Act 1 — Discovery: learning conventions from review history
Conventions live in reviewer comments, not in any config file — maintainers request the same fixes over and over, and that repetition is the signal. A five-stage pipeline (scripts/discover_conventions.py) turns that repetition into structured rules: extract reviewer comments from merged MRs (with hygiene filters that drop bots, boilerplate, and author replies) → classify each comment with Gemini Flash → cluster them by embedding similarity (gemini-embedding-001, cosine 0.75) → synthesize each cluster into a candidate convention with Gemini 3.1 Pro → report as an HTML dashboard.
Run against gitlab-runner's history (~500 MRs), it produced six conventions. The strongest signal was raw repetition: the documentation styleguide correction appeared on 14 distinct merge requests across five years, from four different maintainers; test-coverage requests on 10 MRs spanning 2020–2026. Run against gitaly — a project it had never seen — it produced seven, including "Use Prometheus metric labels for dimensions rather than appending _by_something to the metric name," backed by the verbatim reviewer quote "Having a metric named something like abdc_by_something is not very idiomatic Prometheus" from MR !8515. Every convention cites the MRs its evidence came from. That gitaly run took about 30 minutes and ~$5.
Act 2 — The eval journey (this is the centerpiece)
The first working agent flagged everything: 147 false positives across the 96-MR holdout, spread over all six conventions. It was technically functional and completely untrustworthy — and in code review, false positives erode trust faster than false negatives ever do.

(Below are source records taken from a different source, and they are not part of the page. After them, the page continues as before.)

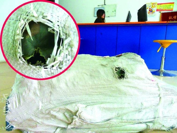宋先生说他经常在网上购物,4月25日,他从一家网店选购了650元的户外用品。付款时默认快递为中国邮政速递物流公司(EMS),邮费48元。3日下午4时许,快递员将包裹送到宋先生妻子工作的医院。宋先生的妻子看到外包装有破损,要求验货,快递员称签字后才能验货,出现问题联系商家。由于医院楼下不能停车,加之其妻子工作也忙,就签了字。当天晚上,宋先生看到包裹外面的蛇皮袋子破了很多洞,里面的帆布也磨破了。宋先生说:“包裹是在运输过程中损坏的,没敢打开,如果里面的东西损坏说不清是谁的责任。”第二天,他去邮政EMS营业网点协商。工作人员却称,收件人签了字,等于默认货物的运输环节没有问题,他们无需承担责任。
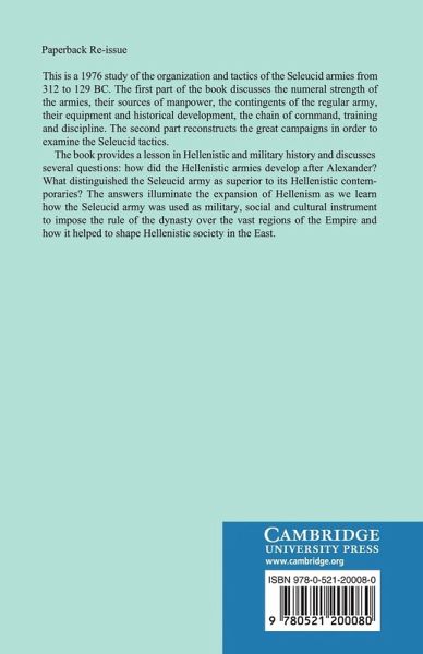 This is a 1976 study of the organization and tactics of the Seleucid armies from 312 to 129 BC. The first part of the book discusses the numerical strength of the armies, their sources of manpower, the contingents of the regular army, their equipment and historical development, the chain of command, training and discipline. The second part reconstructs the great campaigns in order to examine the Seleucid tactics. The book provides a lesson in Hellenistic and military history and discusses several questions: how did the Hellenistic armies develop after Alexander? What distinguished the Seleucid army as superior to its Hellenistic contemporaries? The answers illuminate the expansion of Hellenism as we learn how the Seleucid army was used as a military, social and cultural instrument to impose the rule of the dynasty over the vast regions of the Empire and how it helped to shape Hellenistic society in the East.
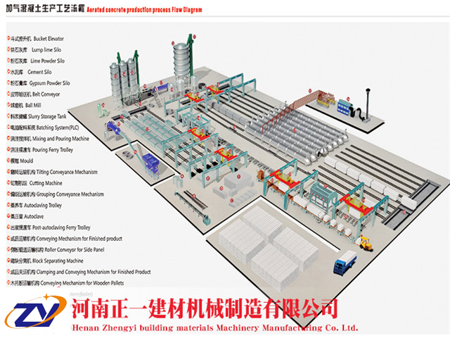 加氣塊生產(chǎn)線生產(chǎn)工藝流程分為六個工段:
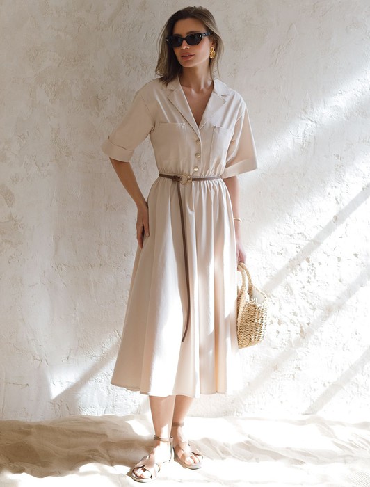 Состав: 97%Хлопок 3%ПУПлатье в стиле сафари выполнено из хлопкового твила. Изделие дополнено тонким ремешком из эко-кожи, боковыми и нагрудными карманами, подворотами на рукавах. Застежка на пуговицы спереди. Благодаря наличию эластана в составе изделие сохранит свой безупречный внешний вид в течение долгого времени. Обладает высокой воздухопроницаемостью, в платье будет комфортно даже в жаркое время года.

So we built an eval harness (scripts/eval_harness.py) that scores precision and recall per convention against 96 hand-labeled holdout MRs, and then drove the false-positive rate down by measurement, not by vibes.

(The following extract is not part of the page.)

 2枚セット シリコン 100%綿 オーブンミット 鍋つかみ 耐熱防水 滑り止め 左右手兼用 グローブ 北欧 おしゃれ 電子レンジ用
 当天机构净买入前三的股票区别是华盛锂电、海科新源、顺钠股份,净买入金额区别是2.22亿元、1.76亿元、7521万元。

We focused the headline on the convention that matters most and is hardest to get right: title quality — the judgment call a human actually argues about.
Stage 1 — five prompt variants on a 25-MR subset. A two-pass reasoning structure generalized best. The agent stopped pattern-matching keywords and started reasoning about intent.
Stage 2 — the full 96-MR holdout, and the insight that mattered most. No prompt rewrite could fix test-coverage false positives, because the model was guessing whether a test file existed — the diff doesn't show the rest of the package. The fix wasn't a better prompt; it was better input. We built a context enricher that fetches the directory's file tree so the agent can verify test-file existence instead of guessing. Input beats prompting — when the model is guessing, give it the fact, don't coax it. (This principle later survived a humbling test of its own; see Challenges.)
Stage 3 — Gemini 3.1 Pro, and a humbling discovery. On the stronger model, several title-quality "false positives" turned out to be genuine violations the maintainer simply never bothered to correct — the agent was right and our ground truth was wrong. We chose to keep the stricter, pre-audit ground truth as our published baseline rather than reclassify in our own favor (see Challenges).
The Precision Sprint. Two final changes: a SCREEN→CONFIRM two-pass detection prompt (a fast binary screen, then a defect-classification confirm) and temperature 0.2. Temperature was the single biggest lever on consistency — it collapsed run-to-run flag variance from wildly unstable to nearly fixed. Classification is not a place you want creativity.
The result, on title-quality: a naive flag-everything baseline produces 87 false positives. After eight measured variants and the sprint: three. Precision climbed from 0.09 to 0.67, recall 0.857 — from 87 to 3, a ≈29× reduction, every step falsifiable against a committed baseline you can regenerate with one command. And it isn't a one-run artifact: a separate, clean 96-MR evaluation — each MR scored exactly once — reproduces that headline exactly against the published ground truth.
We hold the other conventions to the same honesty. Label-correctness, reframed from the subjective "is the label correct?" to the mechanical "is a type:: label present?", lands at precision 0.500, recall 0.800 — and we publish that modest number rather than a flattering one. When we dug into its false positives, most traced to the agent over-generalizing from a single historical example; naming that limitation is more useful than hiding it.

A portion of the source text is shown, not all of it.